A range of listed and unlisted companies, including Coles, Wisetech Global and Quad Lock, told The Australian Financial Review they have been experimenting with ChatGPT in their businesses, and designing new products incorporating its technology into automation processes including marketing work, computer coding and presentations.
Outgoing Coles chief executive Steven Cain said he saw ChatGPT in action at a recent company offsite event, when it helped one of the supermarket chain’s executives prepare for a presentation in the blink of an eye.
“One of the guys was asked to make a speech last minute, and he did it initially in two seconds on ChatGPT and we were actually surprised – it was probably better than normal,” he said.

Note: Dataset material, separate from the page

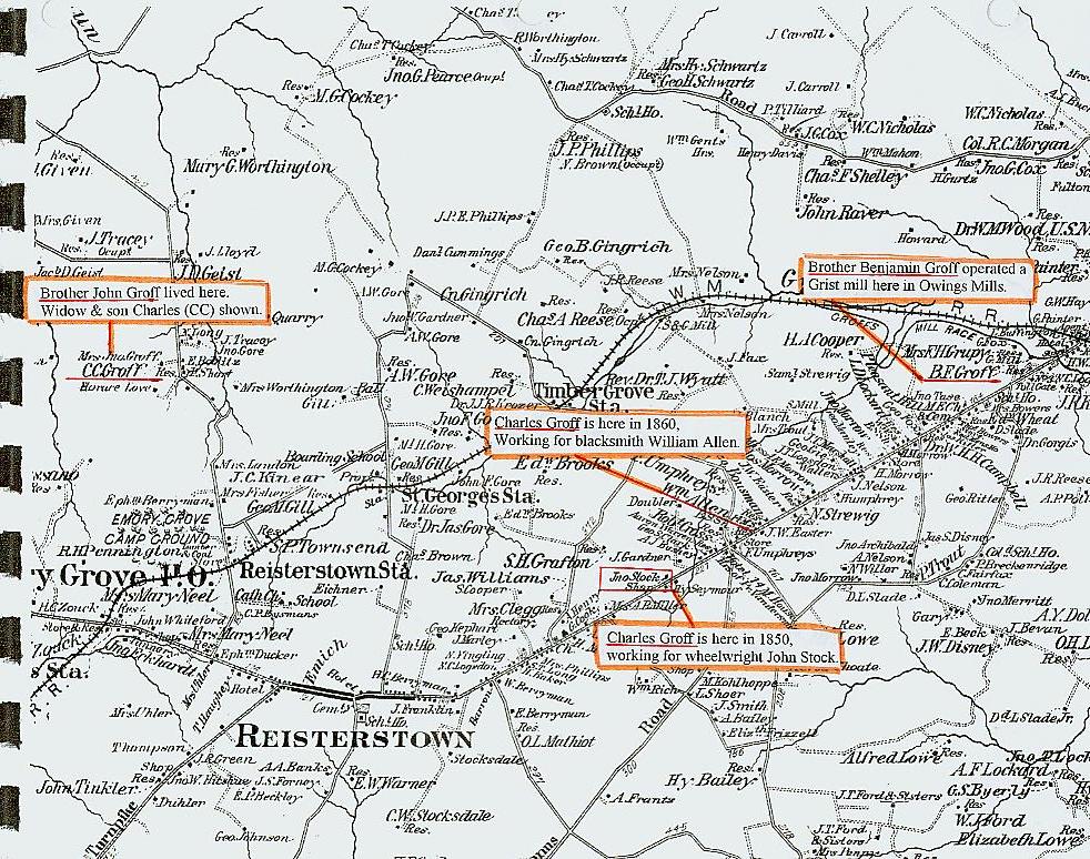 The atlas provides the location of the "Groff brothers" in the Reisterstown/Owings Mills Section of Baltimore County. Here we find the homes of (Mrs.) John Groft and her son Charles (C.C.), our own Charles R. Groft (1850 & 1860), and Benjamin Groft and his gristmill. Although the mill is long gone, there is still a house and barn on the Benjamin Groff site, which is close to the Baltimore Colts/Baltimore Ravens training complex in Owings Mills.

On Monday, the Financial Review revealed that Westpac was also looking to dive deeper into generative AI, having signed an agreement with cloud computing giant Amazon Web Services, which will provide its “generative AI” technologies to the bank to write better letters to customers and help software engineers develop code.
Telstra chief executive Vicki Brady said AI was a key part of its T25 strategy, and that the company was already a big user of AI before the recent excitement about generative AI.
Consulting firm Gartner predicts that by 2025, 30 per cent of marketing content will be generated by AI, and that by 2030, a blockbuster film will be released in which 90 per cent of it is generated by text-to-video AI.